Background and aims
Psoriasis vulgaris is well-known as a chronic, recurrent, immune-mediated inflammatory disease with a conceded genetic predisposition. Neither the etiology of the psoriasis, nor specific laboratory markers for its disease activity have been clearly elucidated. Prolactin (PRL) acts as a cytokine with immunomodulatory functions, therefore it plays a role in skin biology. However, the results of PRL as a marker remains unclear.
The aim of this study was to confirm whether serum PRL levels reflect the activity of the disease or systemic complications, like inflammatory joint disease.
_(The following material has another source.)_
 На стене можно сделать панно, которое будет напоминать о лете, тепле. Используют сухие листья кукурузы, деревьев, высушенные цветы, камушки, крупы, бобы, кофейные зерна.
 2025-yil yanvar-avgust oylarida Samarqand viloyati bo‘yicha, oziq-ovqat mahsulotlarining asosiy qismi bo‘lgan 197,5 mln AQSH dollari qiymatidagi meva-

An observational study of a total of 21 patients (12 with and 9 without psoriatic arthritis) suffering from psoriasis vulgaris were included. The control group included 20 sex and age matched healthy individuals. In all patients, we determined skin disease activity according to the PASI index and joint activity in patients with psoriatic arthritis measured by DAPSA score. The concentration of PRL in the serum was measured by electrochemiluminescence method (ECLIA).
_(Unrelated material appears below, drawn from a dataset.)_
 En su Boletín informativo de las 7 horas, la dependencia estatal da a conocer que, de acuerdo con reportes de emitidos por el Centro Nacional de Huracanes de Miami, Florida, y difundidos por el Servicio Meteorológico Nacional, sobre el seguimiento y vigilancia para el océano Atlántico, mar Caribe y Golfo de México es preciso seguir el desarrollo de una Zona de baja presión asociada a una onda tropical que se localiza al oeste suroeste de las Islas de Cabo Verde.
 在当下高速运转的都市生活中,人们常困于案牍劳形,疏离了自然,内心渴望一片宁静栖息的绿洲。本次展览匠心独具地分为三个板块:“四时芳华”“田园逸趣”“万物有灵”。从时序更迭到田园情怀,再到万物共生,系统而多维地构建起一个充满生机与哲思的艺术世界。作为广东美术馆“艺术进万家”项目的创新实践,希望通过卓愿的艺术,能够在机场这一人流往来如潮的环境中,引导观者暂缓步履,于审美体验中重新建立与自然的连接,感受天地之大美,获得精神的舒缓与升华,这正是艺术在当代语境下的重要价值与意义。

The serum PRL levels were significantly higher in psoriatic patients (369.61 ±29.48mIU/L) compared to healthy individuals (152.30 ±7.49mIU/L), p<0.0001. Baseline prolactin demonstrated a significant positive correlation with the severity of psoriasis (r=0.984, p<0.0001). We noticed that correlations between HAMA and prolactin and DLQI and prolactin on group of psoriatic patients were not significant (p> 0.05), but correlation between HAMD and PRL is positive, medium-high and statistically significant (p <0.05). The PRL serum levels in active PsA (determined as 4 swollen and tender joints) were significantly higher than in PV patients and controls, p<0.0001 and p=0.002, respectively, even though, we had two subgroups with a compact number of patients.
Our results showed that PRL serum levels are a marker of local skin activity and also of systemic complication like active arthritis.